In endothermic animals, body heat is maintained by signaling the mitochondria to allow protons to run back along the gradient without producing ATP. This can occur since an alternative return route for the protons exists through an uncoupling protein in the inner membrane. This protein, known as uncoupling protein 1 (thermogenin), facilitates the return of the protons after they have been actively pumped out of the mitochondria by the electron transport chain. This alternative route for protons uncouples oxidative phosphorylation and the energy in the PMF is instead released as heat.
To some degree, all cells of endotherms give off heat, especially when body temperature is below a regulatory threshold. However, brown adipose tissue is highly specialized for this non-shivering thermogenesis. First, each cell has a higher number of mitochondria compared to more typical cells. Second, these mitochondria have a higher-than-normal concentration of thermogenin in the inner membrane.

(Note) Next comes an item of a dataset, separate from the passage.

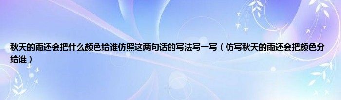 大家好,小科来为大家解答以上问题。秋天的雨还会把什么颜色给谁仿照这两句话的写法写一写,仿写秋天的雨还会把颜色分给谁很多人还不知道,现在让我们一起来看看吧!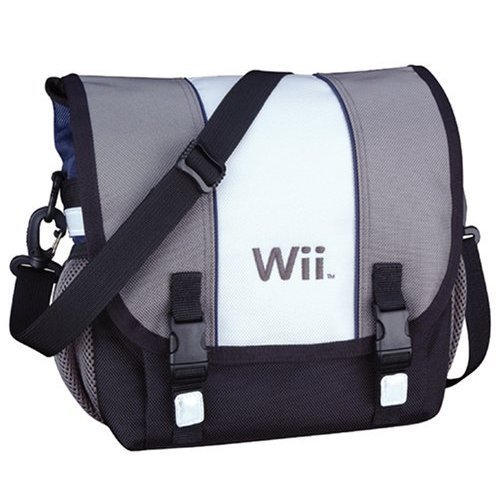 100% BRAND NEW and stylish & cool Nintendo Wii Messenger style bag.......It holds your game system and accessories in style.......The bag holds the Wii Console, Games, Wii Remote, Nunchuck, Wii Sensor Bar and AC adapter. Main pocket holds Wii console.......Padded middle pocket holds AC adapter and Controllers........Zippered padded inside pocket for Sensor Bar......Front pocket holds games and additional Controllers.......Made of premium quality soft rugged and high-class material.....High quality extra-strength stich throughout....Thick padded inside pockets to protect your WII against damage.....Light and easy to carry with included detachable premium quality shoulder belt....Wii engraved on the bag, as shown in picture

In neonates (newborn infants), brown fat, which then makes up about 5% of the body mass and is located on the back, along the upper half of the spine and toward the shoulders, is of great importance to avoid lethal cold (hypothermia is a major death risk for premature neonates). Numerous factors make infants more susceptible to cold than adults:
The burning of brown fat provides a baby with an alternative means of heat regulation.
It was believed that after infants grow up, most of the mitochondria (which are responsible for the brown color) in brown adipose tissue disappear, and the tissue becomes similar in function and appearance to white fat. However, more recent research has shown that brown fat is related not to white fat, but to skeletal muscle[3][4][5]
Further, recent studies using Positron Emission Tomography scanning of adult humans have shown that it is still present in adults in the upper chest and neck. The remaining deposits become more visible (increasing tracer uptake) with cold exposure, and less visible if an adrenergic beta blocker is given before the scan. The recent study could lead to a new method of weight loss, since brown fat takes calories from normal fat and burns it. Scientists[6] were able to stimulate brown fat growth in mice, but human trials have not yet begun.[7]
In rare cases, brown fat, instead of involuting, continues to grow; this leads to a tumour known as a hibernoma.
Brown fat cells and muscle cells both seem to be derived from the same stem cells in the embryo. Both have the same marker on their surface (Myf5, myogenic factor), which white fat cells don't have.[2]
Brown fat cells and muscle cells both come from the middle embryo layer. The three layers of the embryo during the gastrulation stage are the outer ectoderm, the middle mesoderm, and the inner endoderm. The mesoderm is the source of myocytes (muscle cells), adipocytes, and chondrocytes (cartilage cells). The adipocytes give rise to white fat cells and brown fat cells.
Researchers found that both muscle and brown fat cells expressed the same muscle factor Myf5, while white fat cells did not. This suggested that muscle cells and fat cells were both derived from the same stem cell. Furthermore, muscle cells that were cultured with the transcription factor PRDM16 were converted into brown fat cells, and brown fat cells without PRDM16 were converted into muscle cells.[2]
However, there may be two types of brown fat cells -- with and without Myf5. The other type, without Myf5, may share the same origin as white fat cells. They both seem to be derived from pericytes, the cells which surround the blood vessels that run through white fat tissue.[2]